Provided information
──────────

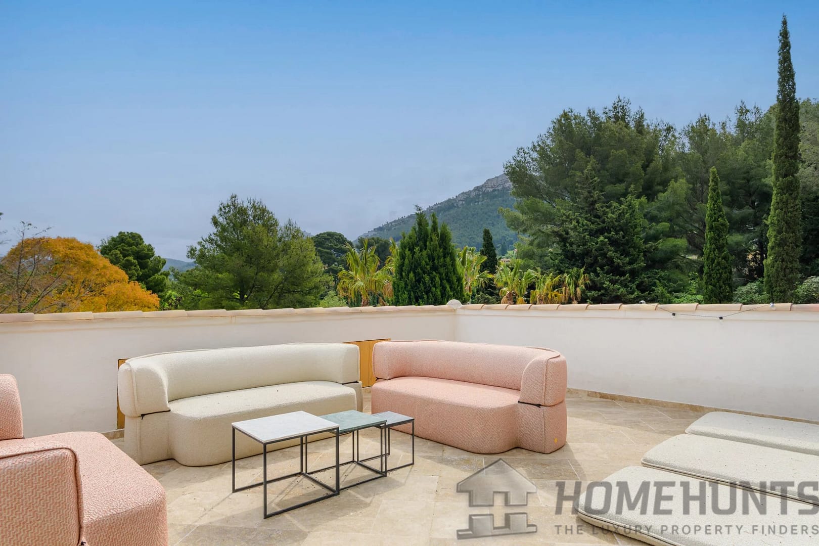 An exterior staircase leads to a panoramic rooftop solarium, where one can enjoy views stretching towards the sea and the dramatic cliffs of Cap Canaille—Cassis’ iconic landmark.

──────────

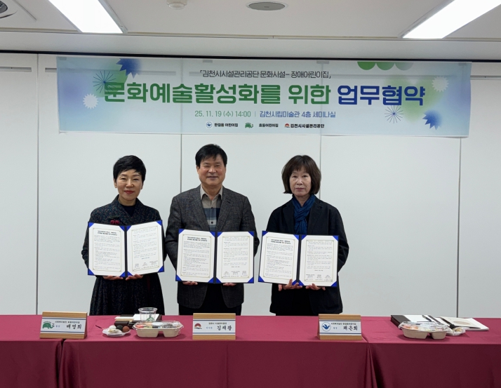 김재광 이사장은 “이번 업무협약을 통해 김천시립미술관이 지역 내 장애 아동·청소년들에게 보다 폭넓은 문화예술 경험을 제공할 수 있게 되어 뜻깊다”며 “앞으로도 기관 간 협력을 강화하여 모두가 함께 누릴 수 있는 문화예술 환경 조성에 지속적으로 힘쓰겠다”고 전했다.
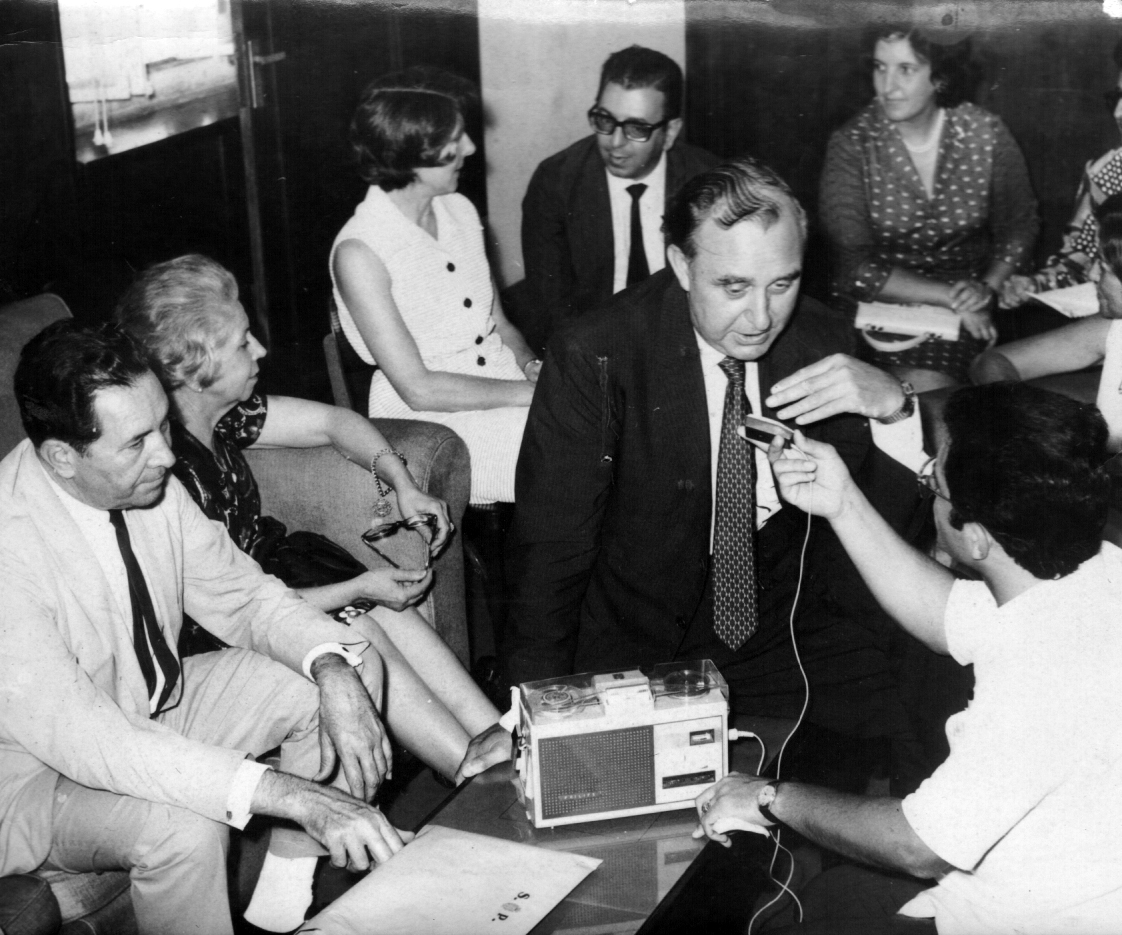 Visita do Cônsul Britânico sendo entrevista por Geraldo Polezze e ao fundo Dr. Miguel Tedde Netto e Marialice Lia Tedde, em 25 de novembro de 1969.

──────────

Task statement
What are the lines in the records above, word for word, from the one containing "업무협약을 통해 김천시립미술관이" through the one containing "Visita do Cônsul", both ends included and pictures left out?

Answer box
 김재광 이사장은 “이번 업무협약을 통해 김천시립미술관이 지역 내 장애 아동·청소년들에게 보다 폭넓은 문화예술 경험을 제공할 수 있게 되어 뜻깊다”며 “앞으로도 기관 간 협력을 강화하여 모두가 함께 누릴 수 있는 문화예술 환경 조성에 지속적으로 힘쓰겠다”고 전했다.
 Visita do Cônsul Britânico sendo entrevista por Geraldo Polezze e ao fundo Dr. Miguel Tedde Netto e Marialice Lia Tedde, em 25 de novembro de 1969.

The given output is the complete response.